A select committee report has welcomed the controversial levy but says additional infrastructure funding will be needed
A committee of MPs has told the government that it needs to do a lot more work to make its controversial development levy work.
The Department for Community and Local Government (DCLG) select committee’s report on the planning gain supplement (PGS), which was published today, supports the principle of the PGS but says it must be part of a wider package of measures to fund infrastructure.
The Treasury has proposed the PGS, which would be levied on top of existing planning gain agreements, to provide the additional infrastructure funding needed to help bring forward housing development.
The report says that the government should do an analysis to compare the costs and benefits of the proposed system and improving existing section 106 agreements
In particular, it says, ministers need to conduct extensive research to work out the rate at which the PGS should be set.

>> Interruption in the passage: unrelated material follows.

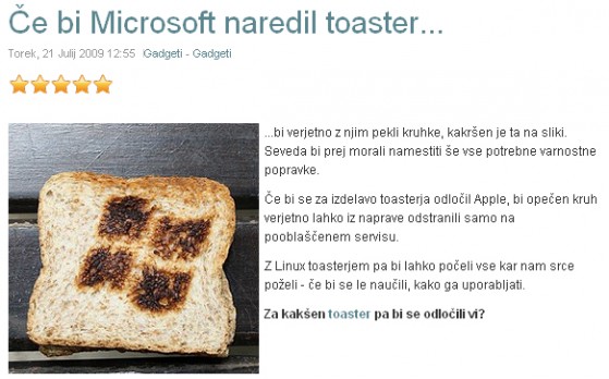 Zamislimo si kakšen toaster bi naredila Microsoft in Apple, ter kakšen bi bil Linux toaster.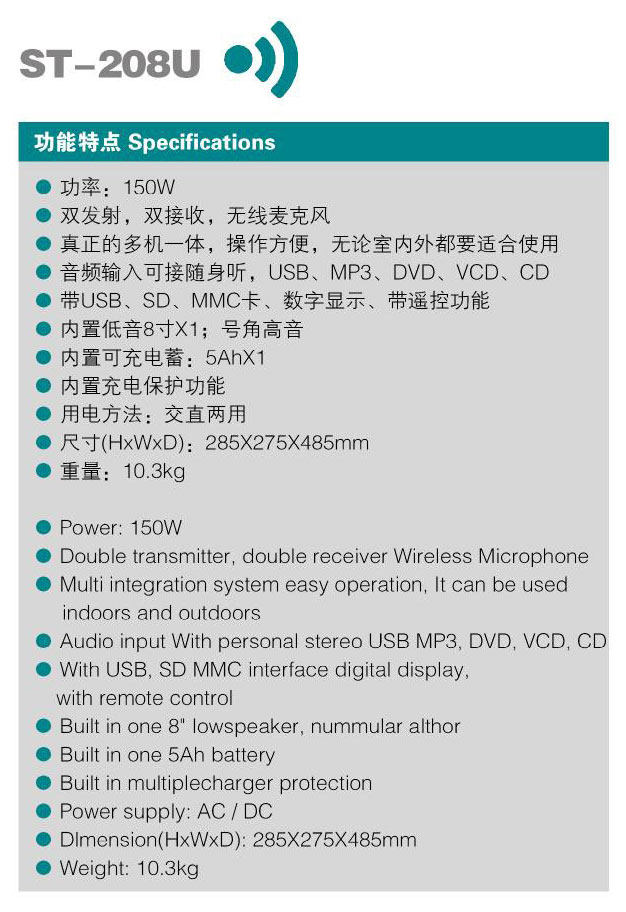 Прямые продажи завода: Sommeter ST-208U Вывод на открытом воздухе мобильная плагина для мобильных мобильных карт пения 150 Вт.

But the committee, which polices the work of the DCLG, rejects suggestions by ministers that local councils should borrow against anticipated PGS revenues to fund infrastructure provision. It says such a move would be "unnecessarily expensive option" and "entirely unattractive".
The report also warns the government must provide up-front gap funding to finance infrastructure provision before the PGS revenues start rolling in.
It said: "A substantial element of government forward funding to enable infrastructure to be provided in a timely manner is essential to the successful operation of PGS.
"We are adamant that the government should not proceed with PGS unless it has made provision to bridge the time difference between the need for expenditure and the receipt of PGS funding."
Committee chairman Phyllis Starkey said: "The committee has examined the issues that the PGS raises and proposed a series of refinements which we expect the government to consider, but we also found that more work needs to be done, by the government, on examining the strengths and weaknesses of the existing section 106 regime."